After a meal the liver will always be found engorged because of the absorbed food. All the vessels are filled. This state passes away in a few hours--as fast as the food material can be absorbed and utilized by the body. Where the engorgement is excessive there may be a feeling of weight and heaviness in the region of the liver, and, if eating is frequent and excessive, the hyperemia becomes a fixed state. The border of the liver may come down much below the ribs. This state is diagnosed as enlargement of the liver. It is found in those who are steady imbibers of alcoholics, as well as in those who eat excessively.

Passive

Passive hyperemia is more common. it is said to result from pressure on the efferent vessels. This affection is found in valvular diseases of the heart, emphysema, sclerosis of the lungs, and thoracic tumors. The skin of patients in this state often has the appearance of having been smoked; or their faces may seem cyanotic or flushed. This affection is brought on more frequently from heart derangement than from liver derangement, but these two conditions are often found together.

General Treatment

The treatment for obstructive icterus must be the removal of the obstruction. This may require surgery, and it may be a derangement that surgery cannot remedy. In gallstone obstruction the feeding of eliminating foods, such as fruit and raw vegetables, will in a reasonable time bring about a disintegration of the stone in the gall-bladder. Then there will be a passing into the bowels of the sand that results from the disintegration; and, if this style of eating is persisted in, the patient will make a complete recovery. Where the obstruction is due to a catarrhal inflammation of the gallduct, proper feeding will overcome it. What is proper feeding? Any normal style of eating that will include the necessary amount of eliminating foods, such as fresh, uncooked fruit and vegetables. In severe cases of this character the patient should fast for a week or two, and then live on fruit for a week or two, depending upon the severity of the symptoms and the rapidity of relief. In all these cases--it matters not how severe they are or what the character of the obstruction is--the patient should be kept away from sugar, starch, and fat. That will give the liver--the portal system--rest; and rest is the foundation on which all curative therapeutics must be based. Physiological rest is of more importance than all other forms of rest. Physical and mental rest are also needed, however; for these are allies of physiological rest.

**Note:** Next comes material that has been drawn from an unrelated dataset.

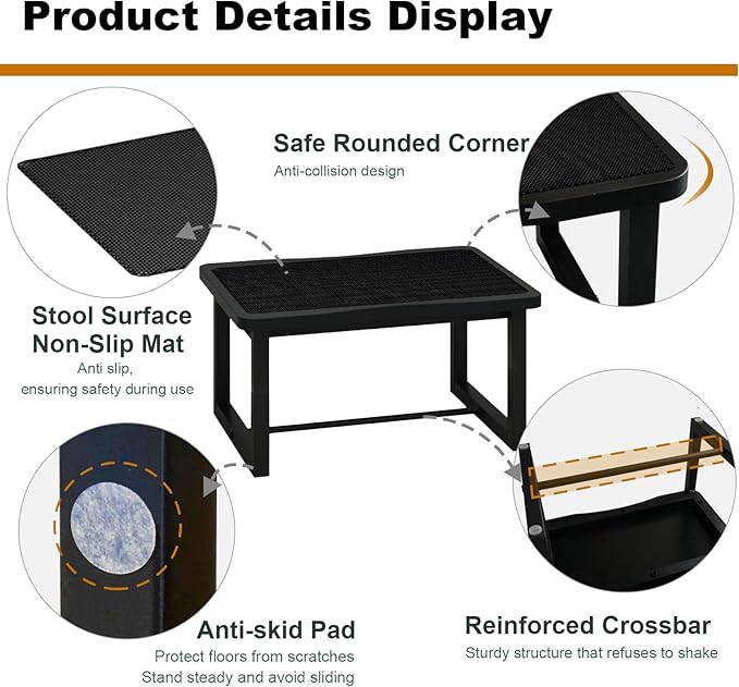 - 【Safe Rounded Corner】We design all corners to be rounded, in order to fully protect your safety during use.Anti-slip Pad ensure stool stay steady and avoid sliding, also can protect floors from scratches.

In the jaundice of children, no hesitancy should be felt about taking the child off its mother's breast and giving nothing but water until the severe symptoms have passed. Then the feeding should be light enough to prevent a return of the icterus.

Hot baths should not be neglected in the treatment of any of these diseases. Where the symptoms are urgent, the bath water should be as hot as the patient can bear, and the duration of the bath should be in keeping with the patient's resistance. Where patients weaken quickly, the bath should be of short duration; but where they can stand it for fifteen to twenty, and even thirty, minutes, there should be no hesitation in extending it until complete relaxation is secured. Then a bath of from five to ten minutes' duration should be given daily. Absolute rest in bed, and no feeding until it is justified by a decided betterment of all symptoms, should be the treatment in any of these cases.